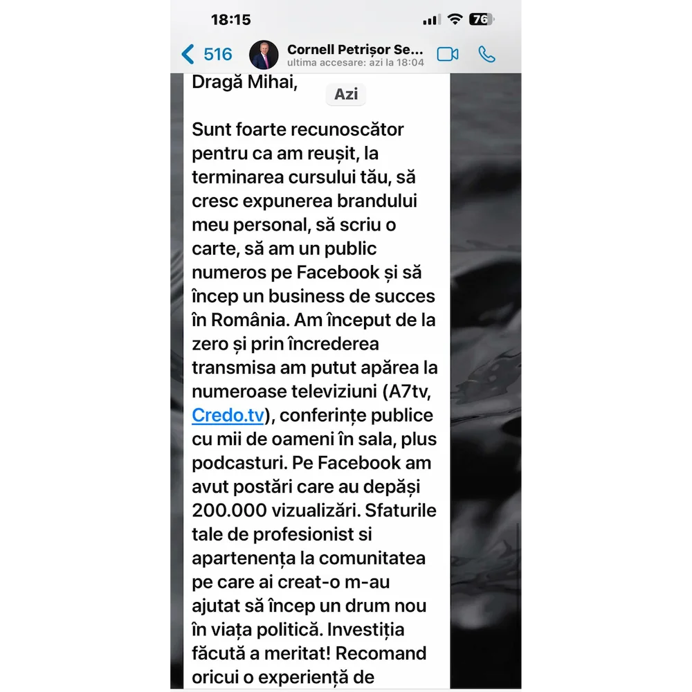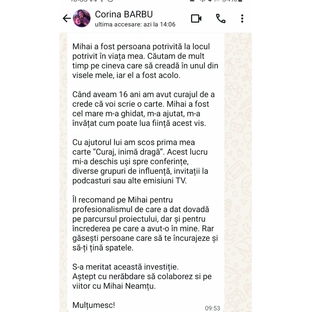 Am lucrat cu antreprenori, manageri, dascăli, oameni de cultură, lideri politici și decidenți dornici să comunice claritate și viziune într-un mesaj cu impact asupra a milioane de oameni.
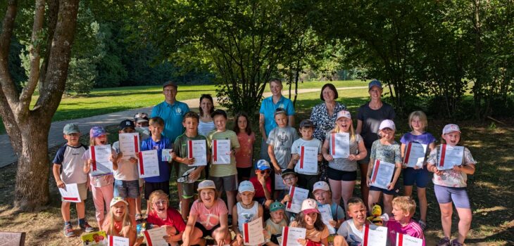 Zurück am Spielplatz wurden alle Kinder mit Eis am Stiel erfrischt und bei einer kleinen Siegerehrung mit Sachpreisen für ihren Einsatz belohnt. Stolz nahmen alle ihre Teilnahmeurkunden in Empfang.
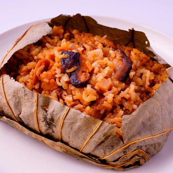 八美花 x 素食教煮 - 純素鮑魚雙菇荷葉飯
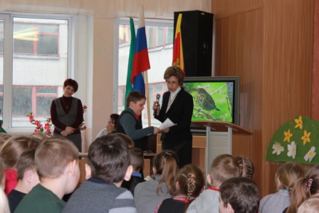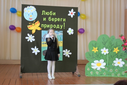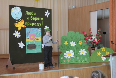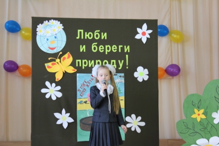 17 апреля прошёл конкурс чтецов «Люби и береги природу». Звучали стихи о красоте природы, о её жителях, стихи –призывы к бережному отношению к природе, её защите. В исполнении Яковлевой Дарьи (1 а), Николаевой Карины (1б), Ивановского Адама (1 в), Гультяева Евгения (1 г), Гавриловой Полины (2а), Неделькина Александра (2б), Баландиной Варвары (2в), Лапкина Игоря(3а), Матвеевой Анны и Прокопченко Оксаны (3б), Гориной Альбины (3в), Самсоновой Юлии(4а), Сивченковой Ирины (4в), Арман Дианы(4б). Члены жюри назвали победителей конкурса. Ими стали: Яковлева Дарья (1 а), Николаева Карина (1б), Гультяев Евгений (1 г), Гаврилова Полина (2а), Неделькин Александр (2б), Лапкин Игорь(3а), Матвеева Анна и Прокопченко Оксана (3б), Горина Альбина (3в), Самсонова Юлия (4а), Сивченкова Ирина (4в).
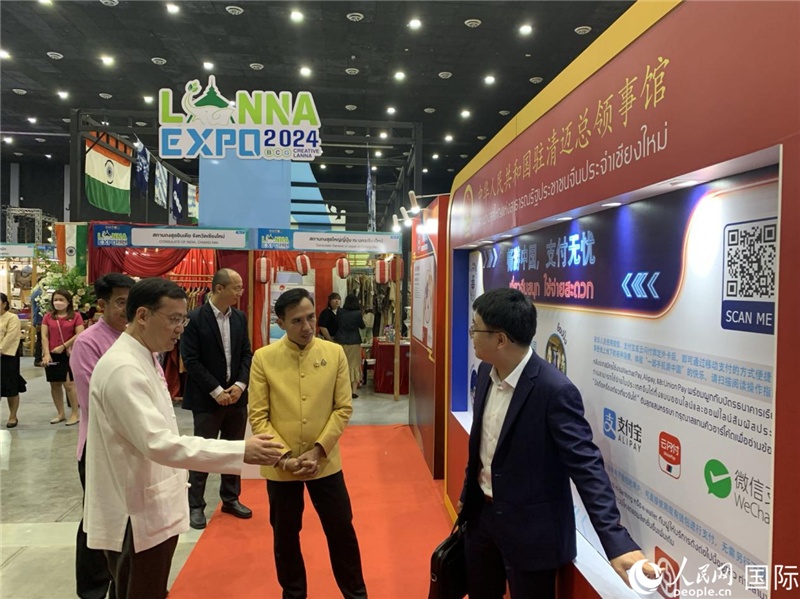 7月9日,中國(guó)駐清邁總領(lǐng)事陳海平與清邁副府尹威拉蓬等共同參觀以“暢游中國(guó)、支付無憂”為主題的中國(guó)展位。人民網(wǎng)記者 章念生攝

_ _ _ _ _ _ _

■ Exercise details ■
Pictures are to be left out, while the records are copied word for word.

■ Response box ■
 Am lucrat cu antreprenori, manageri, dascăli, oameni de cultură, lideri politici și decidenți dornici să comunice claritate și viziune într-un mesaj cu impact asupra a milioane de oameni.
 Zurück am Spielplatz wurden alle Kinder mit Eis am Stiel erfrischt und bei einer kleinen Siegerehrung mit Sachpreisen für ihren Einsatz belohnt. Stolz nahmen alle ihre Teilnahmeurkunden in Empfang.
 八美花 x 素食教煮 - 純素鮑魚雙菇荷葉飯
 17 апреля прошёл конкурс чтецов «Люби и береги природу». Звучали стихи о красоте природы, о её жителях, стихи –призывы к бережному отношению к природе, её защите. В исполнении Яковлевой Дарьи (1 а), Николаевой Карины (1б), Ивановского Адама (1 в), Гультяева Евгения (1 г), Гавриловой Полины (2а), Неделькина Александра (2б), Баландиной Варвары (2в), Лапкина Игоря(3а), Матвеевой Анны и Прокопченко Оксаны (3б), Гориной Альбины (3в), Самсоновой Юлии(4а), Сивченковой Ирины (4в), Арман Дианы(4б). Члены жюри назвали победителей конкурса. Ими стали: Яковлева Дарья (1 а), Николаева Карина (1б), Гультяев Евгений (1 г), Гаврилова Полина (2а), Неделькин Александр (2б), Лапкин Игорь(3а), Матвеева Анна и Прокопченко Оксана (3б), Горина Альбина (3в), Самсонова Юлия (4а), Сивченкова Ирина (4в).
 7月9日,中國(guó)駐清邁總領(lǐng)事陳海平與清邁副府尹威拉蓬等共同參觀以“暢游中國(guó)、支付無憂”為主題的中國(guó)展位。人民網(wǎng)記者 章念生攝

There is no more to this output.